• **Supplied data**
__________

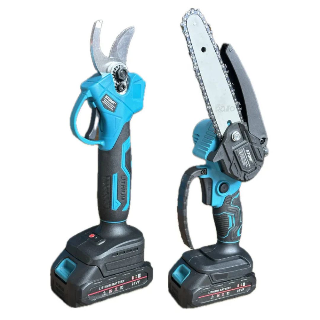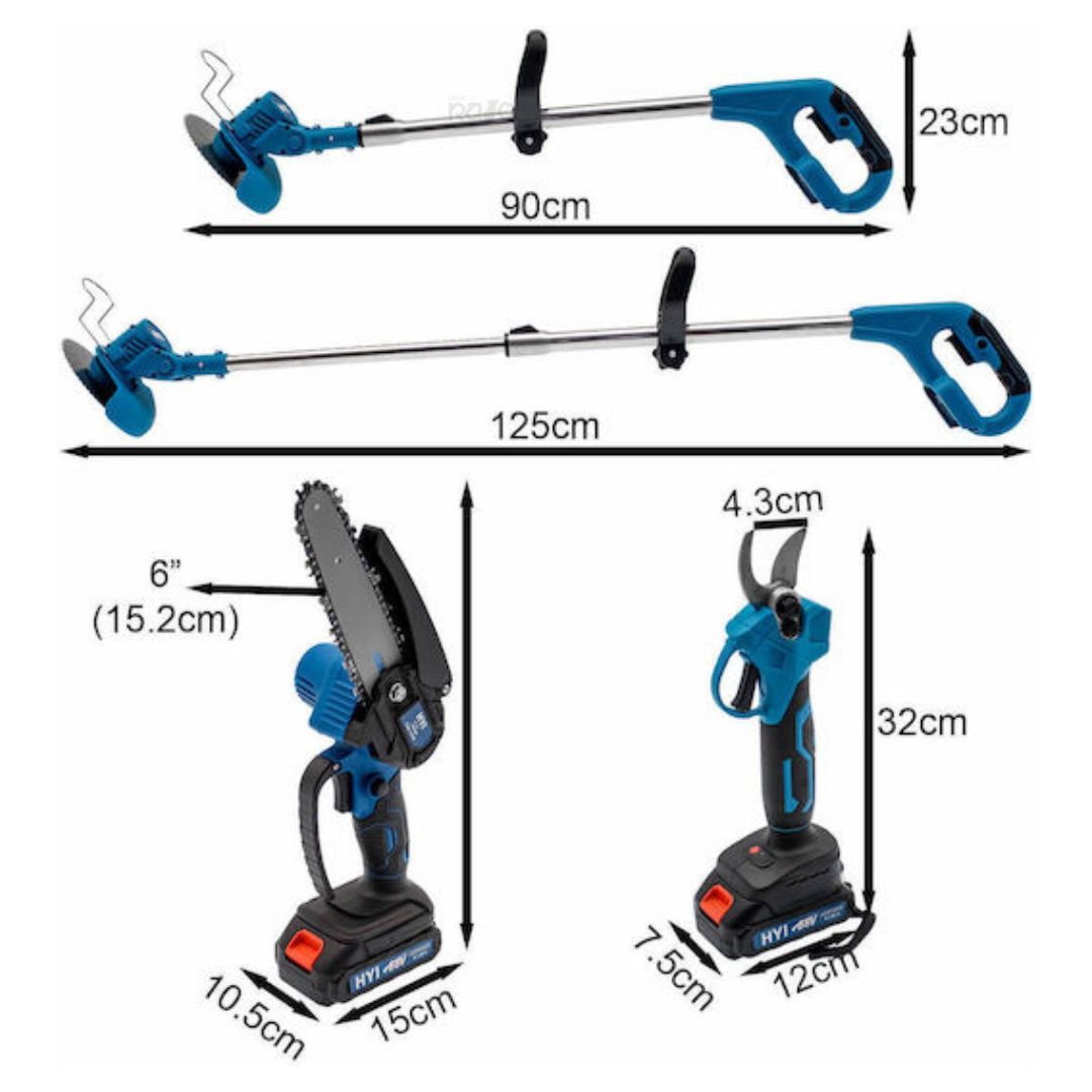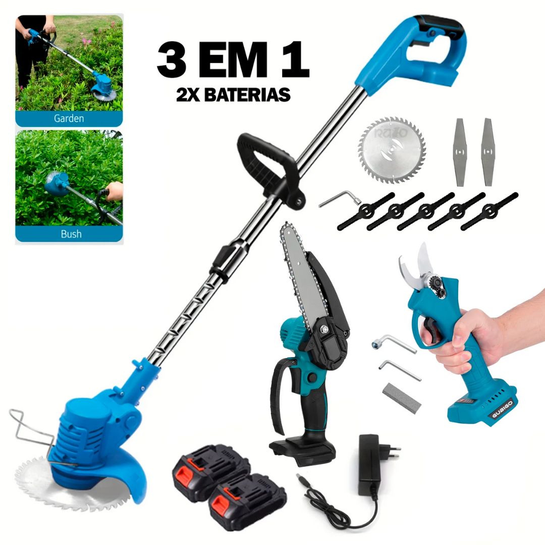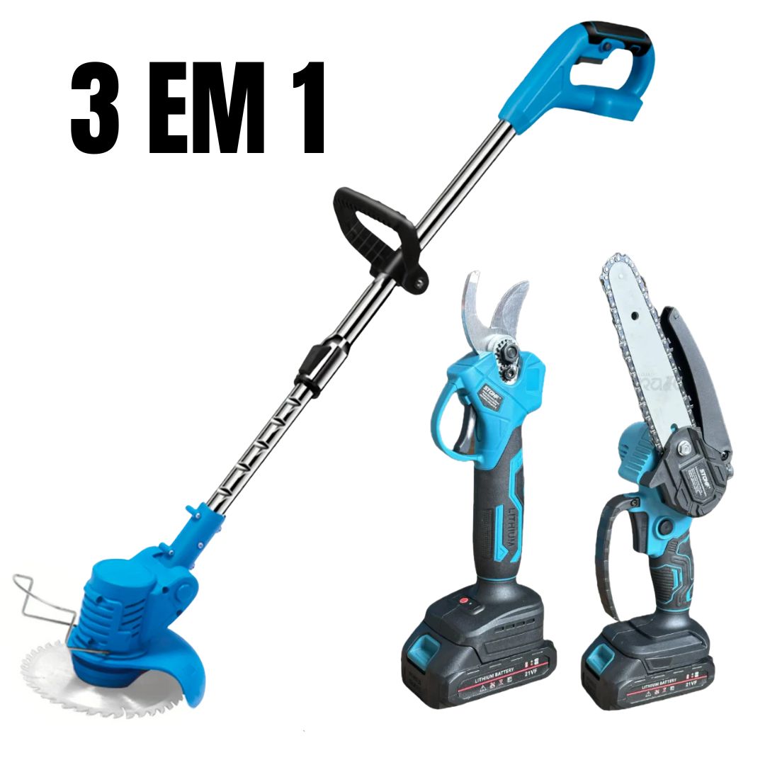 Este kit completo reúne uma roçadora extensível, uma serra de poda de 6 polegadas com lubrificação automática e uma tesoura de poda, tudo com bateria recarregável de carregamento rápido. Ideal para quem procura performance e comodidade numa só solução.
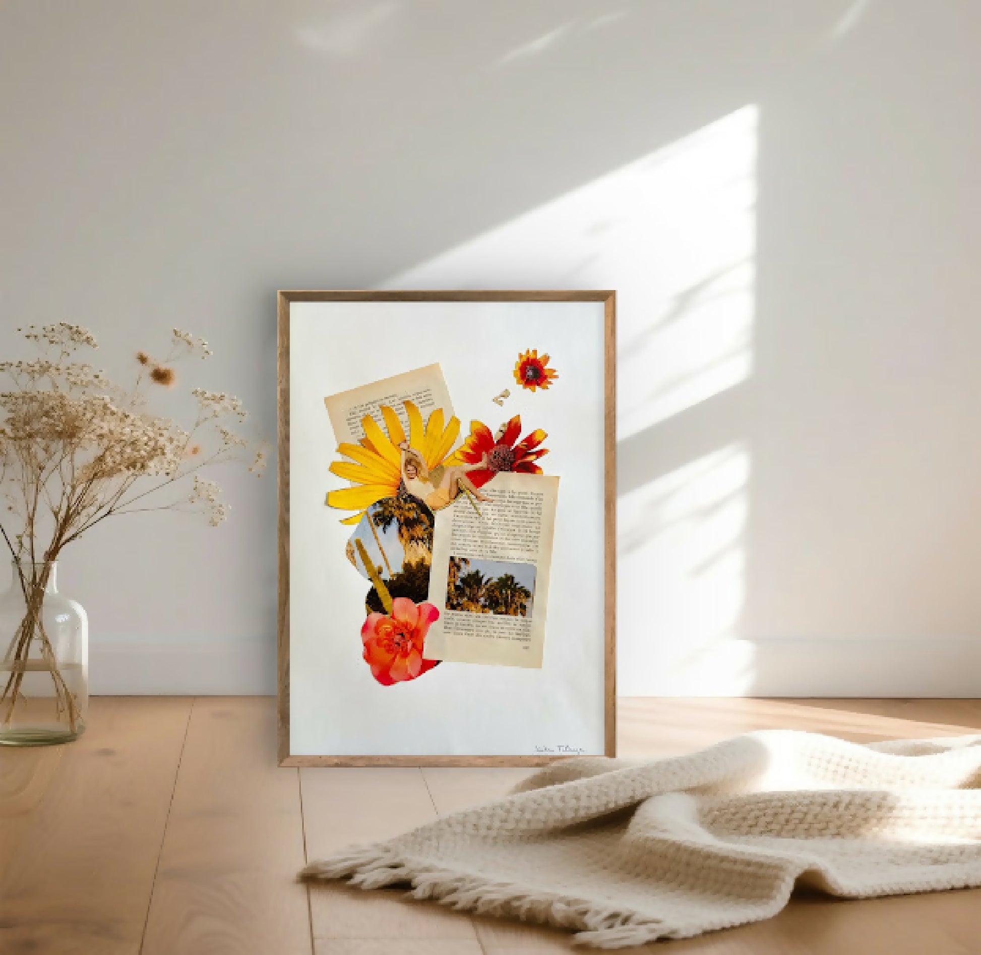 Ce collage est inspiré de vacances en Italie sur les chemins de la toscane. Il respire le soleil, la dolce vita, les petites rues pavées, la cuisine, les cyprès et les routes vallonnées de la toscane. Une oeuvre comme une invitation aux voyages.
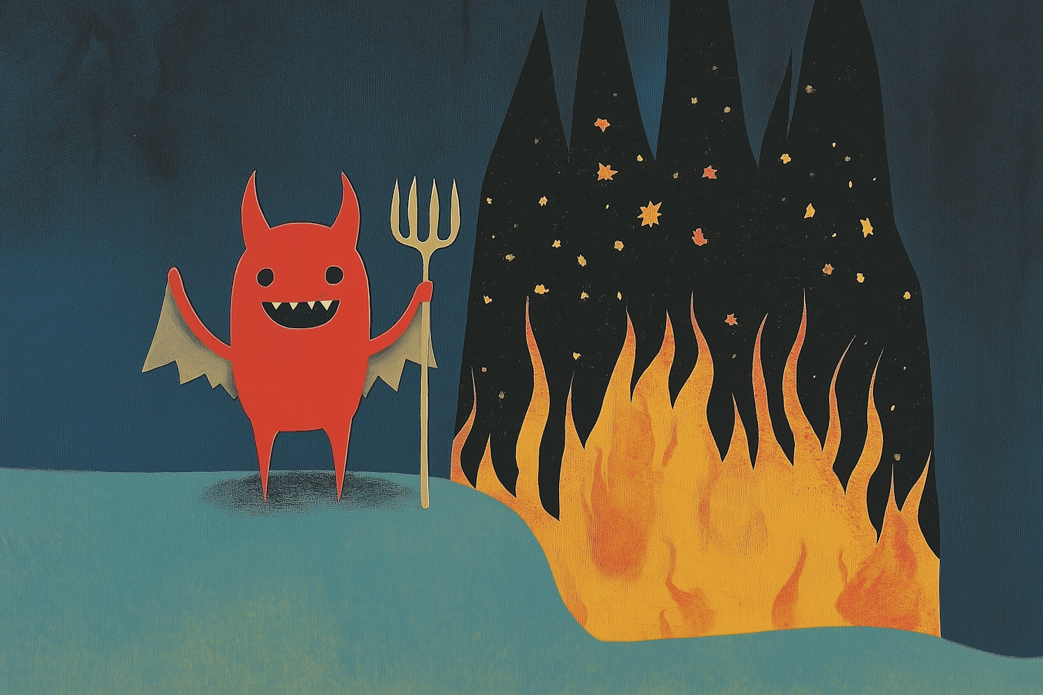 Whimsical cartoon devil with a trident stands before stylized flames, set against a dark blue background. Playful and mischievous illustration.
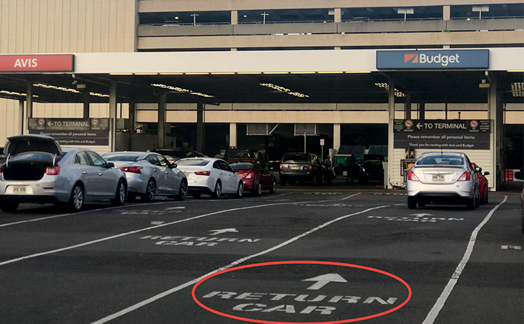 3.岐をクリアすれば、空港まではもうすぐ! 空港内では「Rental Car Return」の標識を追い掛けて、レンタカー会社の施設に入ります。

__________

• **Task item**
The lines from the one with "Ce collage est" to the end of the data above should be retyped exactly, both ends included, and pictures are to be left out.

• **Response below**
 Ce collage est inspiré de vacances en Italie sur les chemins de la toscane. Il respire le soleil, la dolce vita, les petites rues pavées, la cuisine, les cyprès et les routes vallonnées de la toscane. Une oeuvre comme une invitation aux voyages.
 Whimsical cartoon devil with a trident stands before stylized flames, set against a dark blue background. Playful and mischievous illustration.
 3.岐をクリアすれば、空港まではもうすぐ! 空港内では「Rental Car Return」の標識を追い掛けて、レンタカー会社の施設に入ります。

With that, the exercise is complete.